“An allowance is not a salary or an entitlement. It is a tool for teaching children how to manage money.” – Joline Godfrey
When our oldest child turned four years old, we started an allowance system. Each week, we gave him fifty cents per year of his age (so, $2 as a four year old). He had a piggy bank with four slots – one for spending, one for saving, one for giving, and one for investing.
At first, he mostly put money into the “spending” slot. We required him to put one quarter minimum in each slot, but after that it was up to him, so the remaining quarters were put in there to spend. He found lots of little things to buy at first.
After a while, though, he began to start appreciating the “saving” slot. He saved up for a $50 toy over the course of several months when he was five years old, which was truly impressive to myself and my wife.
His younger sister watched this and, when she turned four, she started an allowance as well. She didn’t even really go through the “spending phase.” She just started saving immediately for larger toys.
After a while longer, the children stopped asking for their allowance each week. They wanted us to keep track of the savings on the calendar by marking allowance days. They continued to set big savings goals – I remember our daughter saving for a giant LEGO Friends kit and our son saving money for a game – but it wasn’t something urgent for them.
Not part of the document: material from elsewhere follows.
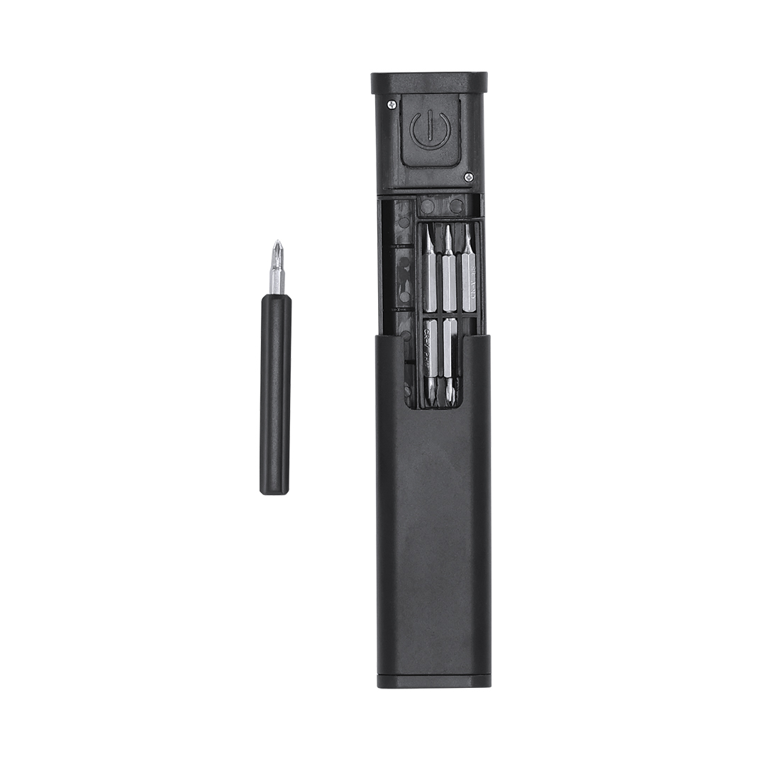 Set de herramientas fabricado en Aluminio Reciclado. Con función 2 en 1; estuche con forma de linterna de 4LEDs, con interior de almacenamiento de 6 herramientas; mango multifunción para cabezales compatibles de estrella y planos. Incluye práctico clip para llevarlo siempre contigo. Pilas a botón incluidas.

When I talked to them about this, they told me that they had lots of stuff already to play with, so there wasn’t much that they wanted.
Lately, though, we’ve reached another point. They no longer even seem to be saving for goals. I asked them just yesterday if either one of them was saving their allowance for a specific goal. They said no.
I then asked them what they wanted to do with their allowance. They both wanted to split it up in some fashion among charity and investing.
They no longer have a desire to spend money just because they have some cash available to them. I could not be more proud.
Here’s a confession: I would have never, ever done this at their age. If there was money available to me, I would have spent it on something. There was always a long list of items that I wanted.
I’ve been trying to figure out what the difference is between my situation and theirs. One part is that they have siblings close to their own age, giving them someone to play with at home instead of having to entertain themselves.
I think a much bigger part of it is how they spend their time. They don’t watch much television at all, and what little they do watch is commercial-free stuff, so they don’t really have a lot of commercial-fueled desires.
They mostly play outside when the weather is nice and build lots of LEGO castles and draw when the weather isn’t so nice. This is more or less what we encourage them to do.
When they play with something, they usually play with it over and over and over again, exploring variations and mastery of it, instead of moving on to something else because, frankly, that’s what they see us doing. Sarah and I have a small number of hobbies and we stick with them diligently.
Whatever the case, they’ve already seemingly mastered one of the hardest lessons of personal finance: managing and controlling personal desires.